Paul Greenberg Sentences at an airport

CHICAGO -- I am reading an article about Franz Kafka while the sun streams through the windows of Gate A2 at Midway Airport. Perfect. Is anything more like Kafka's "The Castle'' than passing the time in one of the innumerable holding pens of a postmodern airport?

Are there any sadder faces than Americans waiting listlessly for their flight? My fellow passengers have the look of people who have put their lives on hold and entered a voluntary limbo in which they age without living. Americans are used to freedom, self-assertion, doing the driving. In a waiting room we don't quite know what to do with ourselves.

At least in a doctor's anteroom we can worry, which someone once defined as repeating the same thought over and over again without doing anything about it. Here we read, we talk, we look bored, we mill about, we stew.

Me, I am content. For I am relieved of all decisions, like a commander after a debacle. The sentences never flow so easily across the yellow legal pad as in airports when there is nothing -- nothing -- else to do. The writing becomes automatic. One sentence follows another as naturally as thought. The result may be surreal, but it's effortless.
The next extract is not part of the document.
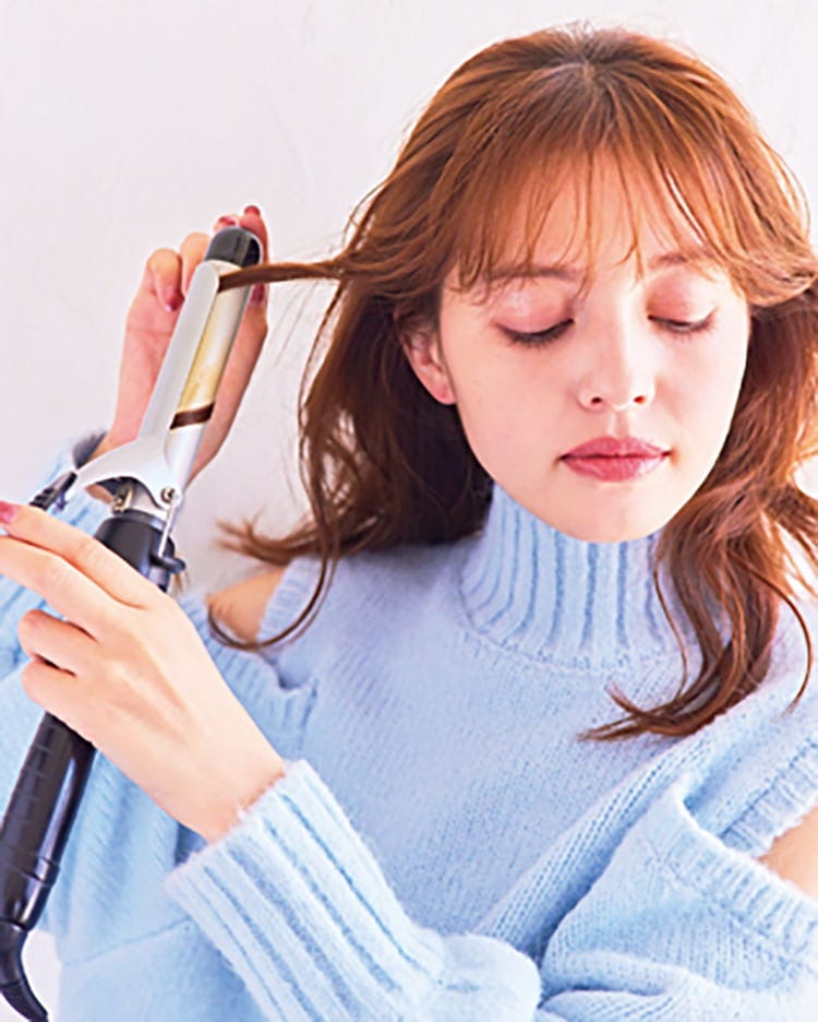 ①前髪をハの字に巻く前髪は軽くセンターパートにして、22㎜のヘアアイロンでハの字のシルエットになるよう先端をゆるく巻く。

I am looking at a winged heart on the wall circled by SOUTHWEST AIRLINES. It is bright, cheery, silent and perfectly immobile. The passengers come and go, but the wings never flap. For such a dynamic symbol, its even lines are remarkably restful to gaze upon, like a hypnotist's watch. Lining up to check in, sitting down to and generally being reduced to cargo may come as close to transcendental meditation as Americans are permitted. The trick is to think of oneself as a suitcase, maybe a spiffy Gladstone bag, and let the mind take a mini-vacation.

But like all vacations, this one draws to a close. The experience of waiting, as any social scientist would put it, is impacting me as my plane arrives, deplaning other passengers. Now there's a sentence almost teutonic, or at least deconstructionist, in its opaqueness.
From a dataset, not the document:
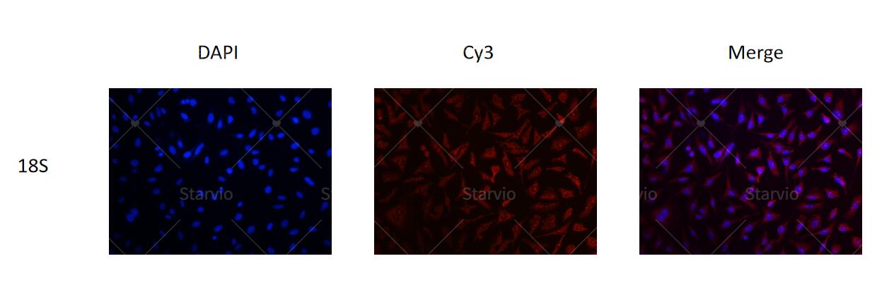 圖.使用Starvio Cy3標(biāo)記RNA探針合成試劑盒合成cy3-18S RNA,F(xiàn)ISH實驗檢測Hela細胞中18S rRNA的定位。

How many ugly terms can you pack into one sentence, as you would cram a suitcase full? In just that one, there is the confused concept of "social scientists,'' ``impact'' as a verb, "deplane'' as an alleged word. ... There is no end to this game. And don't forget Deconstructionist, another verbal blot.

Do you think there's a future for a version of Scrabble in which only ungainly words would be allowed? Think of the arguments over just which non-words, neo-words and nouns-as-verbs would be permitted. Newspaper headlines and articles in journals of sociology would prove a rich source of material. ("Mishap kills five ... Probe finds eight guilty ... Postmodernism as Deviant Behavior: Has It Been Defined Down?'')

The cattle call to the Southwest gate has begun. In some ways the madding crowd beats the long, decorous lines of passengers at older, more respectable airlines. Southwest has discovered the Russian way of boarding aircraft: Mill around in clumps, then rush on and choose your seat in a cloud of flying elbows. Only the chickens and melons are missing.

This way is more honest. There is less disguising the fact that for some inexplicable reason, one has agreed to be crammed into a small, jet-powered missile and be shot through the air to St. Louis, Missouri, and points south and west. But given a seat to wait in, a book and time, that minor detail fades and the mind goes as blank as an idle computer screen.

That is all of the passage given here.